The foregoing allegations of the petition for certiorari were admitted as true by the committee whose judgment was excepted to. The judge overruled the certiorari, and the petitioner excepted. The plaintiff in error, who will hereinafter be called the defendant, and who was an officer of the police department of the City of Atlanta, was charged by the chief of police in a written charge presented to the police committee, with being "under the influence of intoxicating liquors" at roll call at the police barracks, while in full uniform, at 4 p. m. on February 12, 1940. The charge against the defendant was a violation of a rule adopted by the police committee for the government of the police department of the City of Atlanta which provided that "any member of the department who has been known to have been under the influence of any intoxicating beverages, such as beer [and other described drinks], or any other type of alcoholic drink, or any type of mixed drinks, either while on or off duty, will be dismissed from the force, after due trial and proven guilty by the police committee of council." There is presented no question as to the legality of the proceedings. The police committee was a judicial body, which in the exercise of judicial powers heard the charges and after hearing evidence found the defendant guilty, as charged, of a violation of a rule which had been adopted by the police committee for the government of the police department.

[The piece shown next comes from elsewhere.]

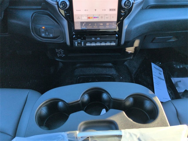Quick Order Package 25A Tradesman, Tradesman Level 2 Equipment Group (115V Auxiliary Power Outlet, 12.0" Touchscreen Display, 400W Inverter, 4G LTE Wi-Fi Hot Spot, Air Conditioning ATC with Dual Zone Control, Alexa Built-in, Apple CarPlay, Black Exterior Mirrors, Black Power Heated Fold Telescope Mirrors, Connected Travel and Traffic Services, Connectivity - US/Canada, Digital Rearview Mirror, Disassociated Touchscreen Display, Exterior Mirrors Courtesy Lamps, Exterior Mirrors with Heating Element, Exterior Mirrors with Supplemental Signals, For Details, Visit DriveUconnect.com, For More Info, Call 800-643-2112, Global Telematics Box Module, Google Android Auto, GPS Antenna Input, GPS Navigation, HD Radio, Integrated Voice Command with Bluetooth, Manual Folding Exterior Mirrors, Manuarl Telescoping Mirrors, Mirror Running Lights, Off-Road Info Pages, Power Adjust Mirrors, Power Rear Sliding Window, Power-Adjustable Convex Aux Mirrors, Radio: Uconnect 5 Navigation with 12.0" Display, Rear Window Defroster, Remote Start System, SiriusXM Radio Service, SiriusXM with 360L, Temperature and Compass Gauge, Tinted Acoustic Windshield Glass, Trailer Brake Control, Trailer Light Check, and Trailer Tow Pages), 4-Wheel Disc Brakes, 4.44 Axle Ratio, 40/20/40 Split Bench Seat, 6 Speakers, ABS brakes, Air Conditioning, AM/FM radio: SiriusXM, Apple CarPlay/Android Auto, Cargo and CHMSL Lamp, Compass, Delay-off headlights, Driver door bin, Dual front impact airbags, Dual rear wheels, Electronic Stability Control, Emergency communication system: RAM Connect, Front anti-roll bar, Front Armrest with Cupholders, Front Center Armrest w/Storage, Front fog lights, Front License Plate Bracket, Front reading lights, Fully automatic headlights, Manual Adjust 4-Way Driver Seat, Manual Adjust 4-Way Front Passenger Seat, Occupant sensing airbag, Outside temperature display, Overhead console, Panic alarm, ParkView Rear Back-Up Camera, Passenger door bin, Passenger vanity mirror, Power 2-Way Driver Lumbar Adjust, Power steering, Power Take-Off Right/Left, Power windows, Radio data system, Radio: Uconnect 5 with 8.4" Display, Rear anti-roll bar, Rear Folding Seat, Rear reading lights, Remote keyless entry, Remote USB Port - Charge Only, Speed control, Tachometer, Tilt steering wheel, Traction control, Variably intermittent wipers, Voltmeter, and Wheels: 19.5" x 6.0" Black Painted SteeL.

The sole question presented is, did the evidence authorize the finding by the committee that the defendant, at the time alleged, had been under the influence of intoxicating liquor? The testimony of several of the police officers was to the effect that, from *Page 540 close contact with the defendant, and from observation and from smelling his breath and observing his eyes, he was under the "influence of intoxicating" liquor, but that he was not drunk. The testimony of the chief of police and of the lieutenant was, that based on the defendant's condition, which was that he had been drinking, they would not have consented for him to go out on his beat. It is true that the officers who testified that the defendant was under the influence of intoxicating liquors also testified that he was "not drunk," and that he seemed to be in full possession of his faculties. It is insisted that if the defendant at the time was in full possession of his faculties, notwithstanding he had drunk some intoxicating liquor, he was not under the influence of it. The testimony must be construed in its entirety, and statements therein must be reconciled if possible and not construed as antithetical. The testimony of the officers that the defendant seemed to be in full possession of his faculties, when construed as consistent with their testimony that the defendant was under the influence of intoxicating liquor, must be taken as meaning that the defendant was sane, knew the difference between right and wrong, and had the ability of normal locomotion, etc. The defendant could be in possession of all his faculties in this sense and still be under the "influence" of intoxicating liquor. The evidence of the police officers was sufficient to authorize the police committee to find that the defendant, at the time referred to, had been under the influence of intoxicating liquor, in violation of the rule above quoted. The judge did not err in overruling the certiorari.

Judgment affirmed. Sutton and Felton, JJ., concur.